Es así que la jurisprudencia y la doctrina consideran que la resistencia típica, consiste en el ejercicio de una fuerza eminentemente física, que supone el resultado exteriorizado de una oposición resuelta al cumplimiento de aquello que la autoridad a sus agentes conceptúan necesario, en cada caso, para el buen desempeño de sus funciones. Si esta resistencia se manifiesta de forma activa y alcanza los caracteres de grave, entra en juego la figura del artículo 550 del Código Penal . También existe atentado en los supuestos en que existe un acometimiento físico consistente en una acción dirigida frontalmente contra las autoridades o sus agentes. La jurisprudencia ha equiparado el acometimiento mediante actos corporales (puñetazo, patada), con la utilización de medios agresivos materiales ( STS 18-3-2000 , entre otras muchas posteriores). El ánimo de ofensa, menosprecio o falta de respeto va ínsito en los actos desplegados cuando no constan circunstancias concurrentes que permitan inferir otra motivación ajena a las funciones públicas del ofendido.

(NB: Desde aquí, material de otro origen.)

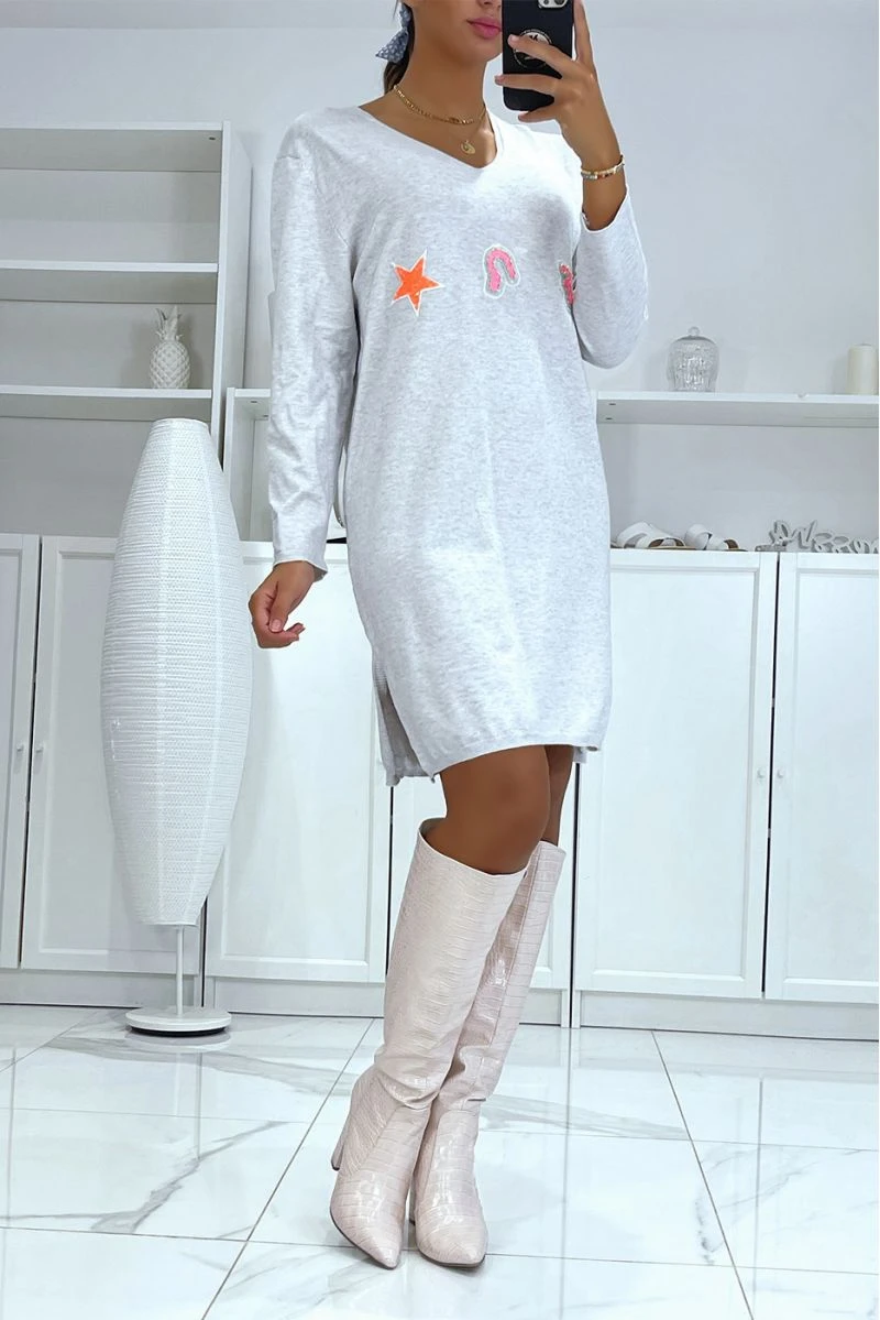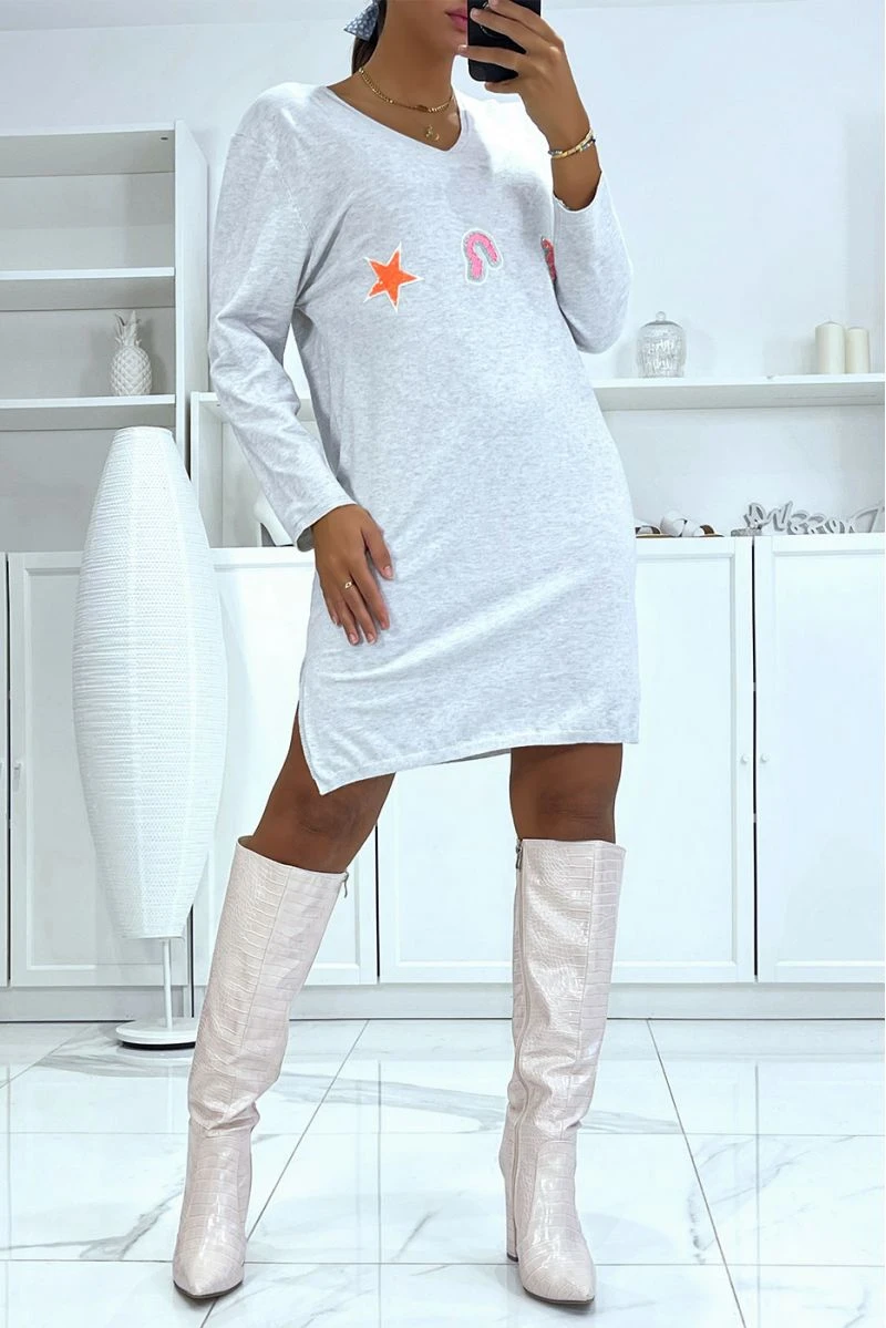 Robe pull grise pour femme en col V dans une matière très douce avec motif brodé. Robe pull femme tendance et pas cher

Cuando la autoridad o el agente -y el funcionario público- actúa en el ámbito de sus atribuciones y dicha condición es conocida del sujeto, la acción violenta sobre su persona, dentro de las especificaciones objetivas de dicho artículo y directamente relacionadas con el ejercicio de tales funciones o con ocasión de las mismas, evidencien la voluntad de acometer, emplear fuerza, intimidar o resistir, y el ánimo de vulnerar o dejar malparado el principio de autoridad ( STS 23-5-2000 ).'

TERCERO .- Se declaran de oficio las costas de esta alzada, al no haber mérito para su imposición al apelante.

Vistos los preceptos citados y demás de aplicación,

Fallo

Que desestimando el recurso de apelación interpuesto por el Procurador D. Raimundo Ramírez Ocaña, en representación del condenado en la instancia Jenaro , contra la sentencia dictada por el Juzgado de lo Penal nº 5 de Alcalá de Henares, de fecha 18 de mayo de 2017 , y a los que este procedimiento se contrae, debemos CONFIRMAR y CONFIRMAMOS íntegramente la misma, declarando de oficio las costas de este recurso.

Devuélvanse las actuaciones al Juzgado de su procedencia, para su conocimiento y ejecución.

Así por esta nuestra sentencia, definitivamente juzgando en segunda instancia, y de la que se llevará certificación al Rollo de Sala, la pronunciamos, mandamos y firmamos.